Every line from the line containing "Na prvom poschodí" through the end of the data is to be reproduced exactly, excluding pictures.

→ **Material provided**
....................

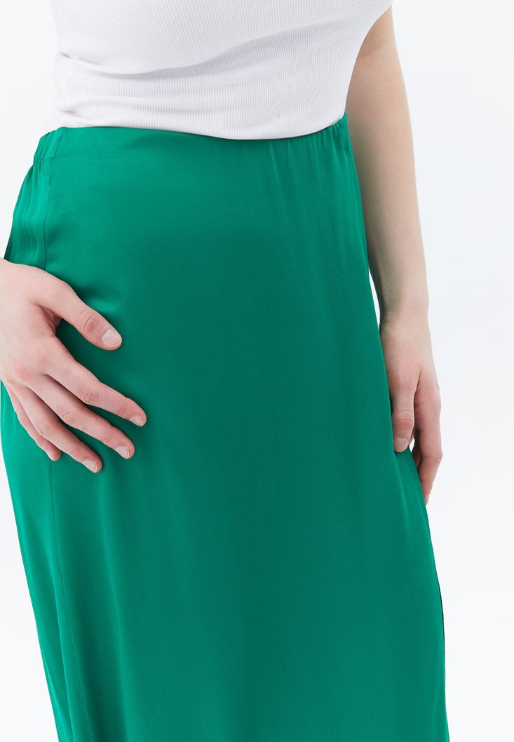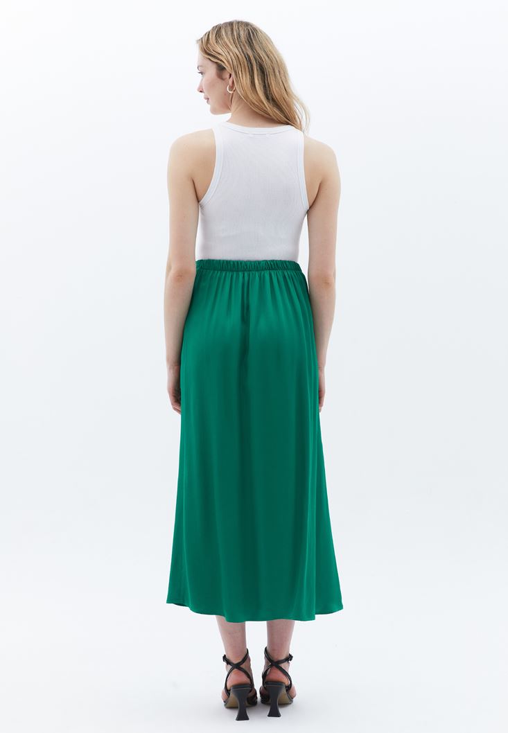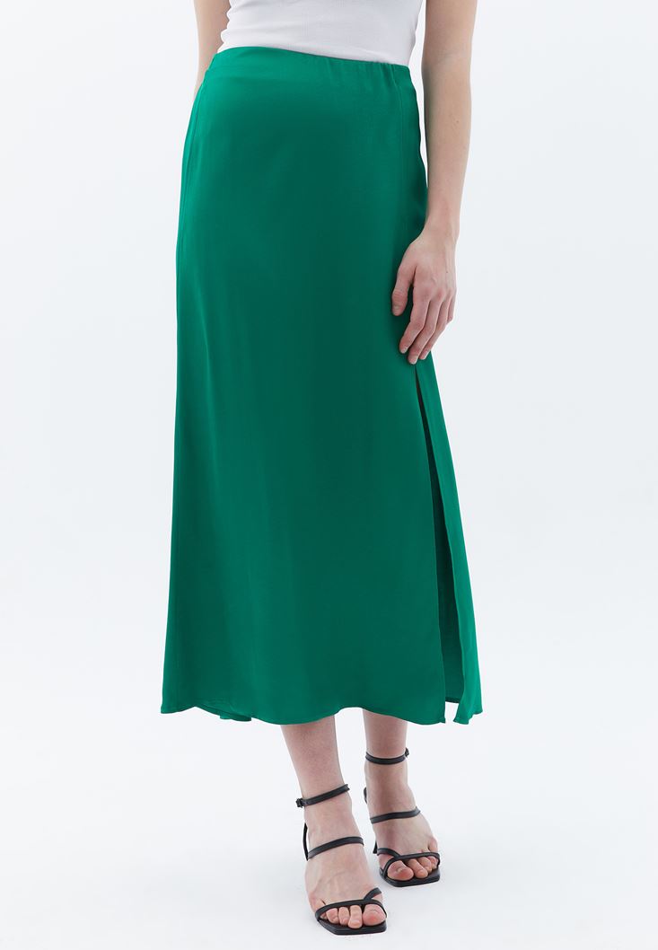 • Bayan Yeşil Yüksek Bel Saten Midi Etek
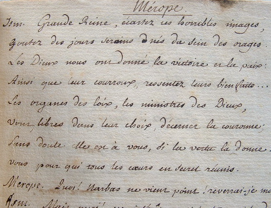 Manuscrit d'éloquence entièrement de la main de l'abbé Millot, précepteur du duc d'Enghien, probablement rédigé pour l'éducation du Dauphin, et intitulé : L'Éloquence des poètes, recueil d'exemples. Extraits de Voltaire (Mérope, Zaïre, Alzire, Rome sauvée, Oreste, Sémiramis), Racine (Andromaque, Britannicus, Bérénice, Bajazet, Mithridate), Corneille (Le Cid, Horace, Polyeucte, Rodogune, Pulchérie), Gresset (Édouard III), Chateaubrun (Philoctète), etc., avec quelques commentaires en marge : «Noble désespoir, Tyrannie, Politique cruelle, Tendresse maternelle», etc.
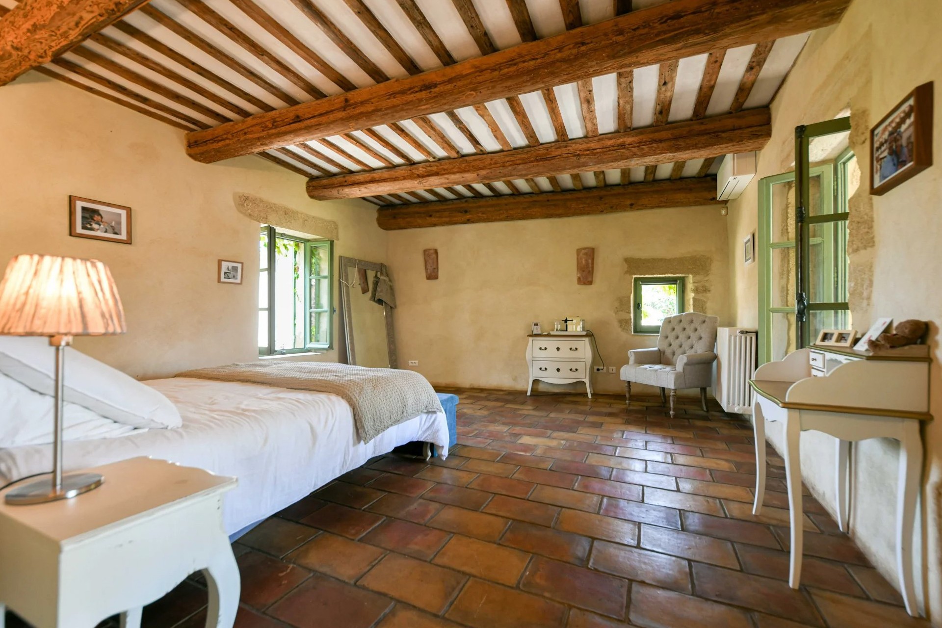 Na prvom poschodí západného krídla s oddeleným vchodom sa nachádzajú dve priestranné spálne (23 a 30 m²) s vlastnými kúpeľňami. Obe ponúkajú pekný výhľad na vnútorný dvor, bazén a strechy starobylej dediny.
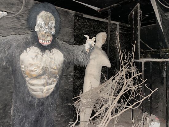 Plötzlich ein Schrei, ein ohrenzertrümmerndes Brüllen, ein rotes Licht weiter vorne, dann ein Sargdeckel, der sich kurz hebt, eine Leiche, ein Tier. Und dazu das Brüllen, das Schreien, das überhaupt nicht mehr aufhören will. Ich trete ein paar Schritte vor, es ist eine Geisterbahn zum selber durchlaufen.

....................

→ **Answer for this exercise**
 Na prvom poschodí západného krídla s oddeleným vchodom sa nachádzajú dve priestranné spálne (23 a 30 m²) s vlastnými kúpeľňami. Obe ponúkajú pekný výhľad na vnútorný dvor, bazén a strechy starobylej dediny.
 Plötzlich ein Schrei, ein ohrenzertrümmerndes Brüllen, ein rotes Licht weiter vorne, dann ein Sargdeckel, der sich kurz hebt, eine Leiche, ein Tier. Und dazu das Brüllen, das Schreien, das überhaupt nicht mehr aufhören will. Ich trete ein paar Schritte vor, es ist eine Geisterbahn zum selber durchlaufen.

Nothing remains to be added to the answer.